De Regering bepaalt de procedure voor de intrekking van de erkenning. § 2. Een beroep tegen de beslissingen tot intrekking van de erkenning kan ingediend worden overeenkomstig de bepalingen van dit Wetboek. § 3. De beslissing tot intrekking van de erkenning van de in artikel 149/4 bedoelde instelling gaat niet tegen een latere kandidatuur voor de erkenning van deze instelling volgens de modaliteiten voorgeschreven in de artikelen 149/6 en 149/7. Afdeling 3. - Subsidiëring

Art. 149/11.Binnen de perken van de begrotingskredieten kent de Regering of haar afgevaardigde een jaarlijkse toelage toe aan de overeenkomstig de artikelen 149/4 tot 149/11 erkende instelling.

De in het eerste lid bedoelde toelagen dekken: 1° de personeelskosten;2° de werkingskosten. De Regering stelt de modaliteiten, bedragen, de berekeningswijze van de eventuele indexering en de toekennings- en rechtvaardigingsvoorwaarden voor de subsidie vast.

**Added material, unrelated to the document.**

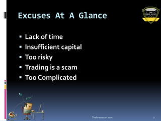 The document discusses the 5 worst excuses for avoiding forex trading: lack of time, insufficient capital, too risky, trading is a scam, and too complicated. It addresses each excuse, noting that forex trading does not require constant time, demo accounts are available for practice with low capital, risk can be controlled with education, legitimate strategies are available online for free, and simple trading strategies exist.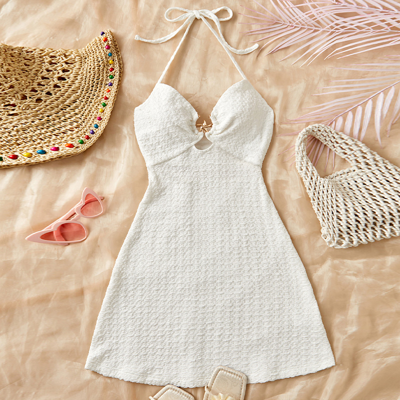 국경 간 아마존 대외 무역 원피스 2025 여름 유럽과 미국의 휴일 스커트 섹시한 목 스커트 비치스토어 가기

De in artikel 149/3 bedoelde instelling kan andere toelagen ontvangen die uitzonderlijke of aanvullende activiteiten dekken om de in dit decreet bevatte acties doeltreffender te maken, om aan overkoepelende acties i.v.m de interactie tussen de verschillende beleidsniveaus te werken, om andere acties te concretiseren die hij ontwikkelt om het doel van de verbetering van het onthaal van de woonwagenbewoners in Wallonië en van de verarmingbestrijding te bereiken. De instelling kan een bijdrage van haar leden ontvangen.

Art. 149/12.De Regering of haar afgevaardigde wijst de diensten belast met de administratieve, kwalitatieve en financiële controle van de instelling aan.". HOOFDSTUK III. - Slotbepalingen

Art. 4.Dit decreet treedt in werking op de datum van bekendmaking ervan in het Belgisch Staatsblad.

Kondigen dit decreet af, bevelen dat het in het Belgisch Staatsblad zal worden bekendgemaakt.

Namen, 28 april 2014 De Minister-President, R. DEMOTTE De Minister van Duurzame Ontwikkeling en Ambtenarenzaken, J.-M. NOLLET De Minister van Begroting, Financiën, Tewerkstelling, Vorming en Sport, A. ANTOINE De Minister van Economie, K.M.O.'s, Buitenlandse Handel en Nieuwe Technologieën, J.-Cl. MARCOURT De Minister van de Plaatselijke Besturen en de Stad, P. FURLAN De Minister van Gezondheid, Sociale Actie en Gelijke Kansen, Mevr. E. TILLIEUX De Minister van Leefmilieu, Ruimtelijke Ordening en Mobiliteit, Ph. HENRY De Minister van Openbare Werken, Landbouw, Landelijke Aangelegenheden, Natuur, Bossen en Erfgoed, C DI ANTONIO _______ Nota (1) Zitting 2013-2014. Stukken van het Waals Parlement, 1042 (2013-2014) Nrs. 1 tot 4.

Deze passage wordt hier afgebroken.